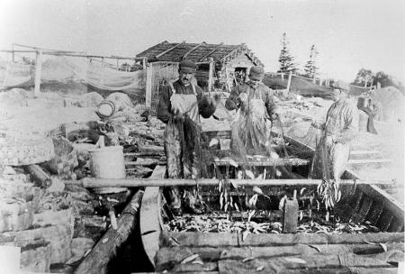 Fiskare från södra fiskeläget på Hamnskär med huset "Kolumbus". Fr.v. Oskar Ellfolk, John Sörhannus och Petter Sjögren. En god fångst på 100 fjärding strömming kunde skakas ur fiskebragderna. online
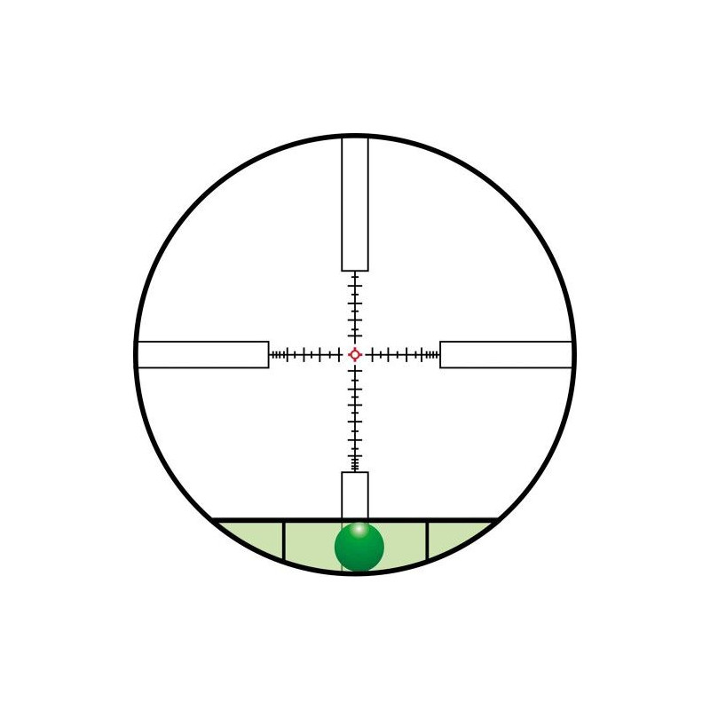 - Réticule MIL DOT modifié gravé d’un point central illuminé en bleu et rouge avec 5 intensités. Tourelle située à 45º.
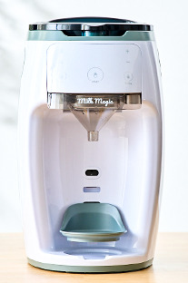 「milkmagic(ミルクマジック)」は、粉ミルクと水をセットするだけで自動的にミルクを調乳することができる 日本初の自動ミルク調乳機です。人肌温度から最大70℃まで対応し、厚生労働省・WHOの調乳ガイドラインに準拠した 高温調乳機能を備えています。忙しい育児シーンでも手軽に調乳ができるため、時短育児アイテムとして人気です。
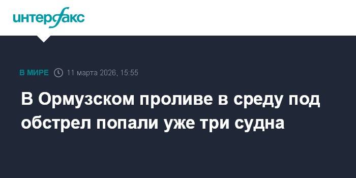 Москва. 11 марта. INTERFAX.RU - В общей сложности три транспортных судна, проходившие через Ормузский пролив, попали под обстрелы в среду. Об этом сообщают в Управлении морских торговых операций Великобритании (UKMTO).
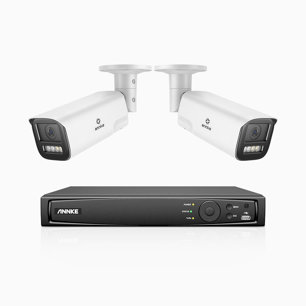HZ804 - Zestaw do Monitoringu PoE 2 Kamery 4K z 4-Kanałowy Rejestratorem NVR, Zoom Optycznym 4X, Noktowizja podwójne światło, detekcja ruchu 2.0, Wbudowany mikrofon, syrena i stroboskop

★ ★ ★ ★ ★

▶ [What you are asked to do] Exact repetition of all entries is required. The pictures should not appear.

▶ [Answer box]
 Fiskare från södra fiskeläget på Hamnskär med huset "Kolumbus". Fr.v. Oskar Ellfolk, John Sörhannus och Petter Sjögren. En god fångst på 100 fjärding strömming kunde skakas ur fiskebragderna. online
 - Réticule MIL DOT modifié gravé d’un point central illuminé en bleu et rouge avec 5 intensités. Tourelle située à 45º.
 「milkmagic(ミルクマジック)」は、粉ミルクと水をセットするだけで自動的にミルクを調乳することができる 日本初の自動ミルク調乳機です。人肌温度から最大70℃まで対応し、厚生労働省・WHOの調乳ガイドラインに準拠した 高温調乳機能を備えています。忙しい育児シーンでも手軽に調乳ができるため、時短育児アイテムとして人気です。
 Москва. 11 марта. INTERFAX.RU - В общей сложности три транспортных судна, проходившие через Ормузский пролив, попали под обстрелы в среду. Об этом сообщают в Управлении морских торговых операций Великобритании (UKMTO).
HZ804 - Zestaw do Monitoringu PoE 2 Kamery 4K z 4-Kanałowy Rejestratorem NVR, Zoom Optycznym 4X, Noktowizja podwójne światło, detekcja ruchu 2.0, Wbudowany mikrofon, syrena i stroboskop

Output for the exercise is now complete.